The island was a money losing proposition for the laird, whose family got rich building railroads in Canada. The laird lived most of the year in Bath, England, and only visited the island during the summer. When McPhee spoke with him he had an interesting, but perhaps not surprising, perspective. The rents collected were low, and could not be raised because the inhabitants were barely surviving as it was. The laird reduced expenses by laying off workers at his estate, and reducing free services such as electricity, but the income still did not meet the outlay, particularly since he, as landlord, was responsible for maintaining the roads, fences, and dwellings. He said that the tenants would do nothing for themselves, and then complain about the delays it took the laird’s agent to fix things.
The lives of the people were not easy, barely rising to the subsistence level, but they loved the land and supported each other, and hated losing their children to better opportunities on the mainland. Once children left they returned only for brief visits.
This book is not sociology, it is story-telling, and McPhee is a fine story teller. The people he profiles come alive with their own personalities, their struggles and their lives.

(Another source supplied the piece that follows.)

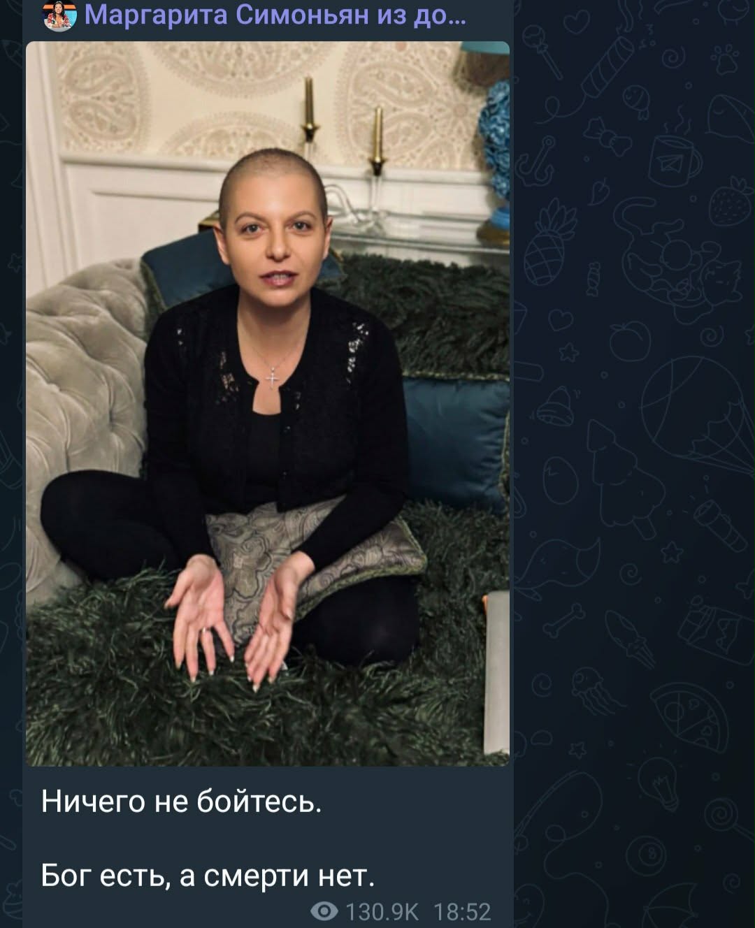 К примеру, супруга блогера Рустама Солнцева усомнилась в том, что Симоньян действительно проходит курс химиотерапии. Тем временем в комментариях под снимком появилось множество слов поддержки. Пользователи желали Маргарите здоровья, призывали беречь себя, писали, что переживают за нее, желали сил и веры, а также отмечали, что молятся за ее выздоровление.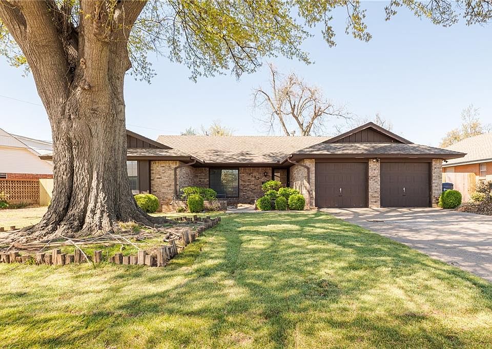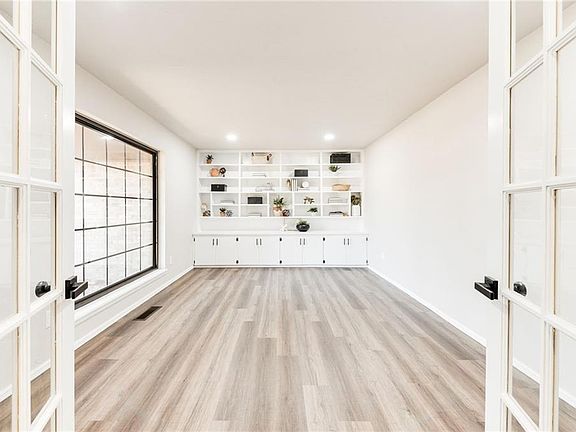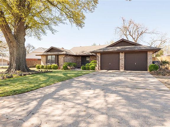 This refreshed ranch-style home in Windsor Hills is sure to steal your heart! Located in an exceptionally quiet neighborhood in NW OKC, this home its on nearly a quarter-acre lot and boasts mature trees, a lush front lawn, and black windows that create immense curb appeal. Entering the front door, you'll find a spacious room to your left through the french doors; this is the perfect space for a play room, home office, formal dining or second living room! Fresh paint throughout and a gorgeous fireplace in the living room flanked by built-ins bask under loads of recessed lighting. A dining space opens to the kitchen- which features freshly painted cabinetry, granite counters, new tile + hardware and stainless appliances. Master suite showcases two closets & a renovated bathroom with new counters, paint & fixtures. Guest bathroom has also been renovated! Large backyard with covered porch. This home offers a wonderful floor plan and has so many great features!

Many of them can trace their families back generations on the island, to the days before the power of the clans was destroyed at Culloden in 1746. History, geography, and weather are woven into the narrative, the history going all the way back to the Neolithic age, as revealed in excavations of the middens, up through the time of the Vikings, and into the modern era. The ancient myths are also recounted, of mer-people and monsters, and heroic deeds. Put together, all these threads help to create a story of a place and time, of the present being just the near end of a past that reaches back through time out of mind, binding people and beliefs to the lands and to one another. McPhee tells a fine story in a book that is is barely 150 pages long, and it was a pleasure to read.